When he graduated with honors, he was accepted at Intercon Hotel’s fast track program  one of 10 associates out of a thousand applicants. Intercon had five hotels in London at a time and he was assigned to the Churchill Hotel.

“I had these illusions in my head that I would get a managerial position. I became junior conference banqueting waiter, which meant I polished cutlery and glasses. Then I went to housekeeping and made beds.”

Alex kept thinking, “This really isn’t as glamorous as it looked or that it wasn’t what it was like when I was a guest traveling with my parents.”

 But he put in the years  and “if you have perseverance and dedicate yourself to the tough times, it pays back later in life.”

So he began his journey up in hotels in the UK, from Millennium Gloucester to the Lowry Hotel, the Ritz (where he witnessed the celebration of Queen Elizabeth’s 80th birthday, which he counts as one of the best experiences in his professional life; the other is meeting former boxer-turned-super-businessman George Foreman) and Claridge’s.
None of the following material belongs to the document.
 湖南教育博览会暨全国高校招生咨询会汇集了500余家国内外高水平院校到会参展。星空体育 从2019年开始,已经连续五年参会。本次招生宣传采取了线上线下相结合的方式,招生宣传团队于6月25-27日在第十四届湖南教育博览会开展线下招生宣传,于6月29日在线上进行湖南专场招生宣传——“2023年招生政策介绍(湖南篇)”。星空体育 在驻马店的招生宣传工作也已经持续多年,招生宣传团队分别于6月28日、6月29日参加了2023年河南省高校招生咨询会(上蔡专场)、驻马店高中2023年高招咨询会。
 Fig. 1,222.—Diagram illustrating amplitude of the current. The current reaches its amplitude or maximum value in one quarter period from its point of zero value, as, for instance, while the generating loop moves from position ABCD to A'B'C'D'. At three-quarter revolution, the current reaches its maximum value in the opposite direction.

In 2008, he headed back to the Middle East, in Bahrain. “When we lived in the Middle East and then Bangkok, my wife Claire basically brought up Thomas on her own. In Bahrain, she got so frustrated looking for online information about parenting that she instead built her own website. She put up mumsinbahrain.net and before she knew it, it kind of exploded. People were writing to her, they wanted to advertise on her site and it had 50,000 members across the Gulf States. It was the most active website in the Middle East. It’s now being run by a partner in Bahrain but it became difficult with the unrest in the region, so it was being monitored like most sites by the government.”
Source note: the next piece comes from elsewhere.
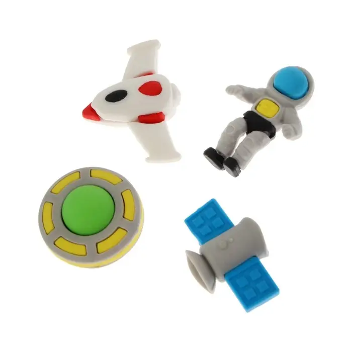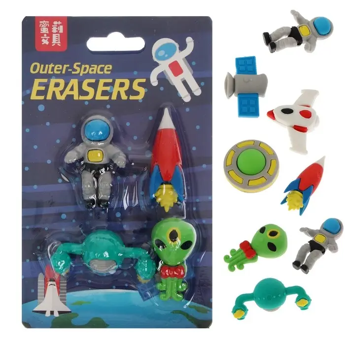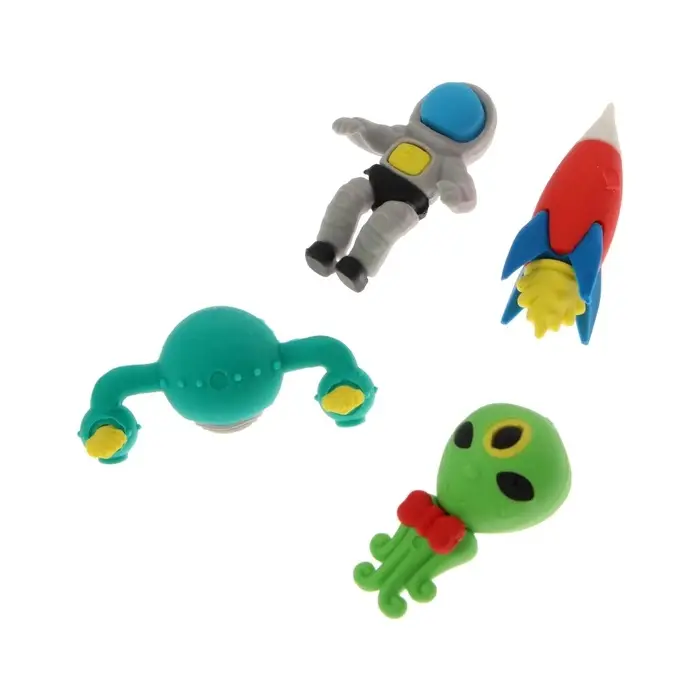 Фигурные ластики выполнены в форме космических персонажей, что позволяет превратить процесс стирания в игру. Подходят для удаления надписей, сделанных чернографитными карандашами.

In 2010, the Willats moved to Bangkok when Alex joined Dusit Thani and became the general manager. “When we were in Bangkok, Claire asked to edit a magazine called Expat Ladies with all kinds of parenting stuff, and so she launched two print editions and three online editions.”

And now, Dusit Thani Manila, where the family is settling in nicely, he says. “I’ve got big plans for the hotel. We want to upgrade all our rooms and suites, our ballrooms and meeting rooms, our audio video facilities, strengthen our Italian restaurant Tosca, open an all-day dining concept restaurant…”

The list goes on.

Alex Willats has constantly surprised his staff since he arrived,  and it’s not farfetched that he would do the same for hotel guests with the new things he’s cooking up for Dusit Thani.

Why, there may even be a British film festival by the poolside with popcorn and barbecue!

And, yes, he is actually planning one.